A non-invasive respiratory gated radiotherapy system like those based on external anatomic motion gives better comfortableness to patients than invasive system on treatment. However, higher correlation between the external and internal anatomic motion is required to increase the effectiveness of non-invasive respiratory gated radiotherapy. Both of invasive and non-invasive methods need to track the internal anatomy with the higher precision and rapid response. Especially, the non-invasive method has more difficulty to track the target position successively because of using only image processing. So we developed the system to track the motion for a non-invasive respiratory gated system to accurately find the dynamic position of internal structures such as the diaphragm and tumor. The respiratory organ motion tracking apparatus consists of an image capture board, a fluoroscopy system and a processing computer.

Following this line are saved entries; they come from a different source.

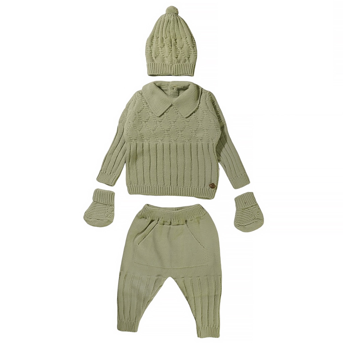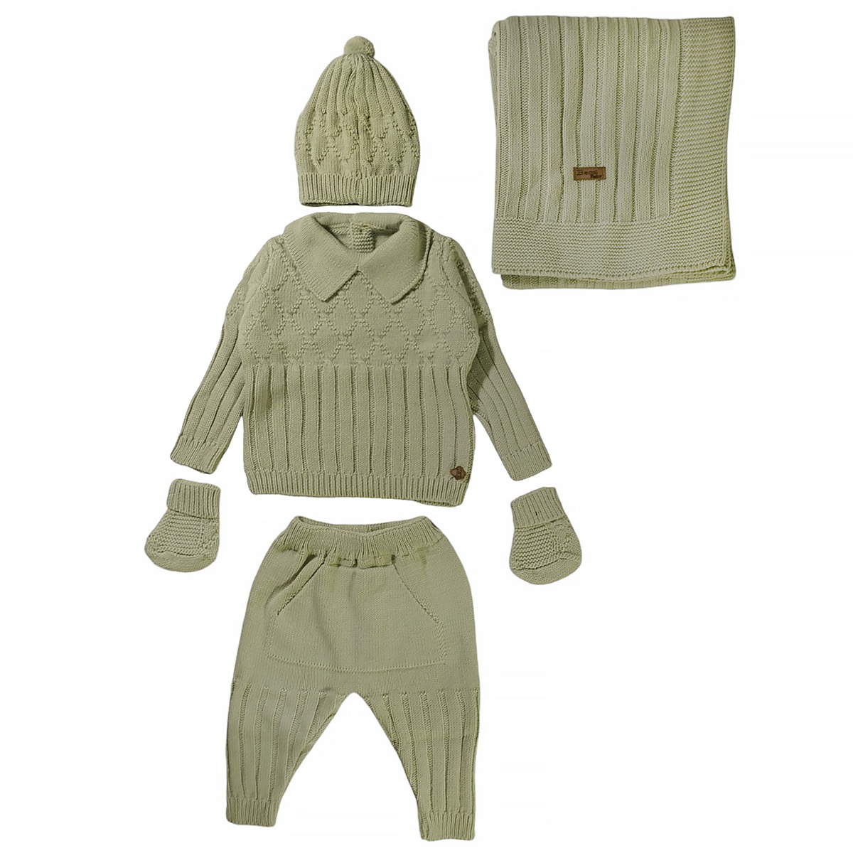 Το σετ δώρου πέντε τεμαχίων της Becol Baby σε βεραμάν απόχρωση είναι η ιδανική επιλογή για να καλωσορίσετε ένα νεογέννητο! Κατασκευασμένο από απαλό νήμα, που περιλαμβάνει 80% βαμβάκι και 20% πολυεστέρα, αυτό το σετ προσφέρει άνεση και ζεστασιά για τα μωράκια. Περιλαμβάνει μια μπλούζα που ανοίγει με κουμπιά στο πίσω μέρος, παντελονάκι, σκουφάκι, γαντάκια και μια κουβερτούλα για το καροτσάκι, εξασφαλίζοντας ότι το μωρό σας θα είναι πάντα ζεστό και στιλάτο. Ιδανικό ως δώρο για νεογέννητο, αυτό το σετ θα ενθουσιάσει κάθε γονέα και θα προσφέρει την απαλή φροντίδα που χρειάζεται το μωράκι σας κατά τη διάρκεια του χειμώνα. Επιλέξτε το σετ Becol Baby για να κάνετε μια μοναδική και πρακτική επιλογή δώρου!
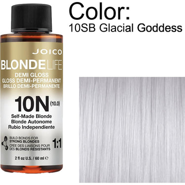 Joico Blonde Life Demi Gloss - 10SB Glacial Goddess. Deliver luminous shine, brass-neutralizing brilliance, and bond-building strength with Joico Blonde Life Demi Gloss—a must-have tool for every blonde expert’s arsenal. Designed to tone, glaze, and gloss in one step, this ammonia-free liquid toner brings together the artistry of customizable blonde tones with the science of bond-repair and conditioning. Whether you’re refining a platinum finish, correcting warmth, or reviving a faded blonde, Blonde Life Demi Gloss offers endless versatility, stunning results, and healthy, radiant hair that leaves clients glowing.
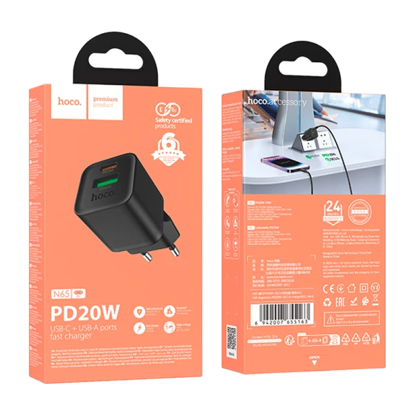 Сетевое З/У HOCO N65 1USB+1Type-C 20W PD,QC черный (1/13/130)
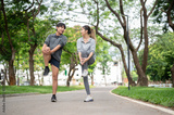 Asian man and woman in sportswear holding a knee stretching together as standing on pavement in park
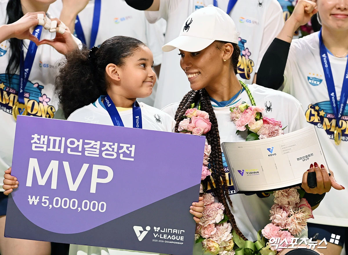 (엑스포츠뉴스 장충, 고아라 기자) 5일 오후 서울 장충체육관에서 열린 '진에어 2025-2026 V-리그' 포스트시즌 여자부 챔피언결정전 GS칼텍스와 한국도로공사 경기, 우승을 차지한 GS칼텍스 실바가 MVP로 선정돼 기념촬영을 하고 있다.
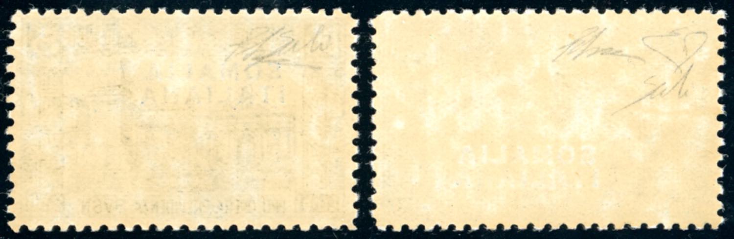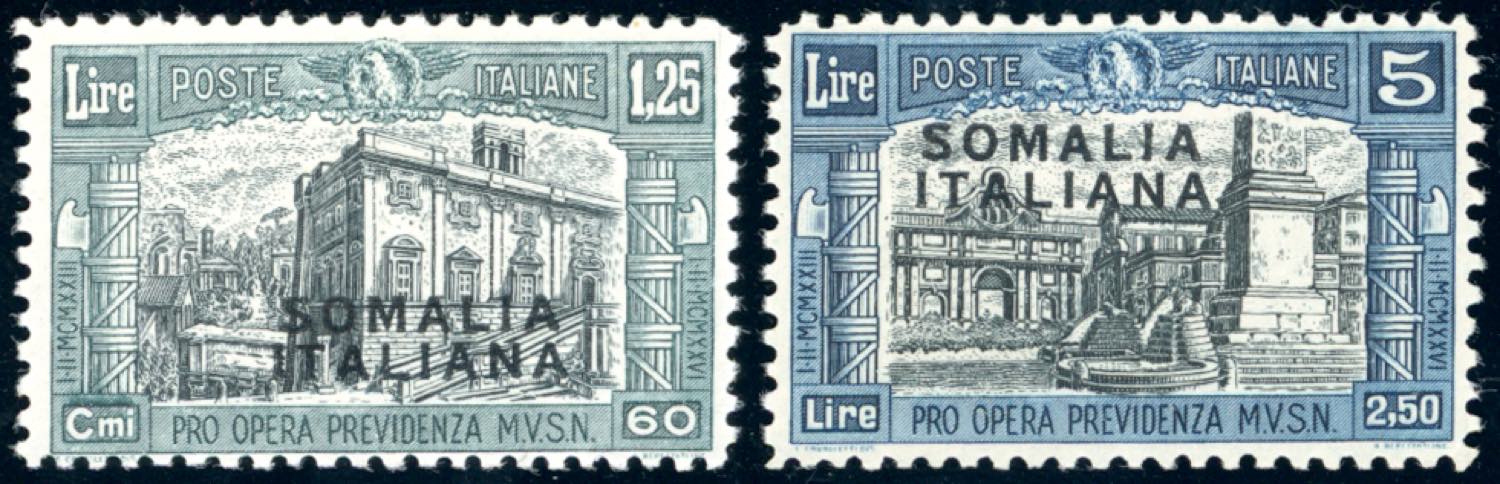 1927 - 1,25 lire su 60 cent., 5 lire su 2,50 lire Milizia I, errore di colore, non emessi (107A,108A), gomma originale integra, perfetti. ... Read more
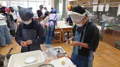 じゃがいもは芽もあったり形もゴツゴツしていて、皮をむくのが大変そうでしたが、時間をかけながら丁寧に皮をむきつくっていました。
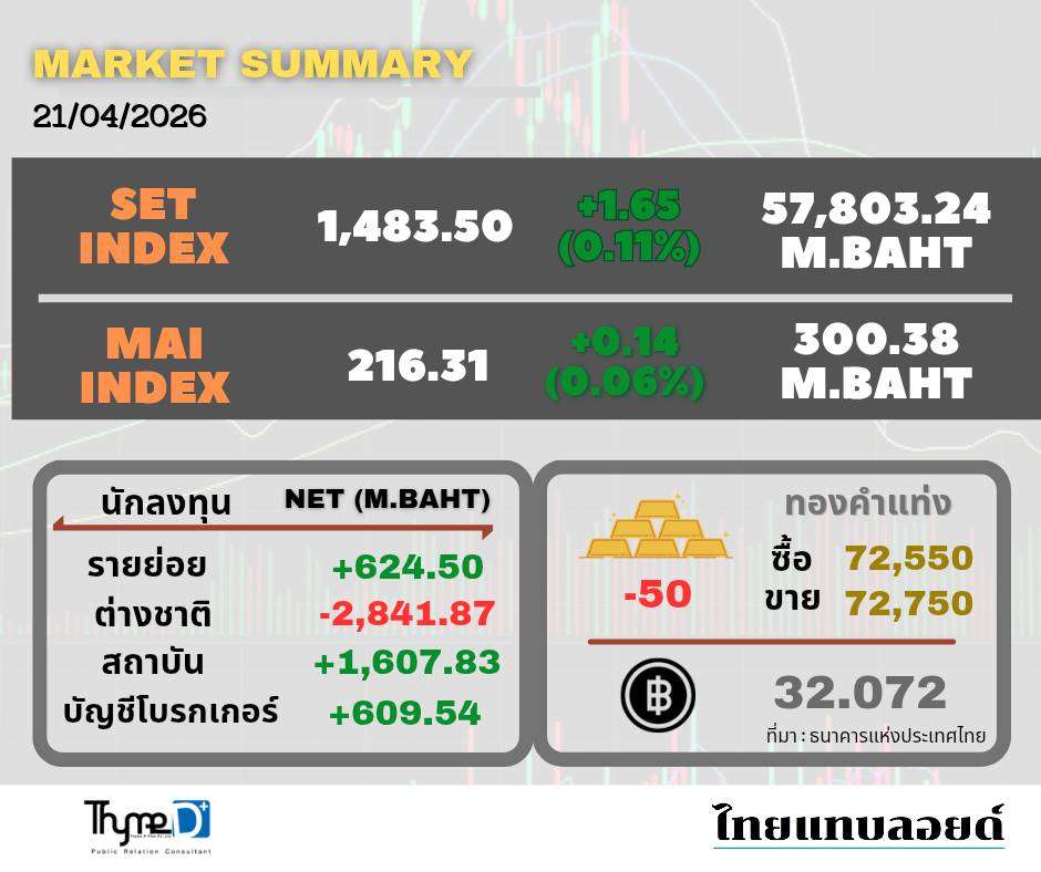 ตลาดหุ้นไทยปิดวันนี้ที่ระดับ 1,483.50 จุด เพิ่มขึ้น 1.65 จุด (+0.11%) มูลค่าซื้อขาย 57,803.24 ล้านบาท

After the image board grabs the motion of internal anatomy through the fluoroscopy system, the computer acquires the organ motion tracking data by image processing without any additional physical markers. The patients breathe freely without any forced breath control and coaching, when this experiment was performed. The developed pattern-recognition software could extract the target motion signal in real-time from the acquired fluoroscopic images. The range of mean deviations between the real and acquired target positions was measured for some sample structures in an anatomical model phantom. The mean and max deviation between the real and acquired positions were less than 1mm and 2mm respectively with the standardized movement using a moving stage and an anatomical model phantom. Under the real human body, the mean and maximum distance of the peak to trough was measured 23.5mm and 55.1mm respectively for 13 patients' diaphragm motion. The acquired respiration profile showed that human expiration period was longer than the inspiration period. The above results could be applied to respiratory-gated radiotherapy.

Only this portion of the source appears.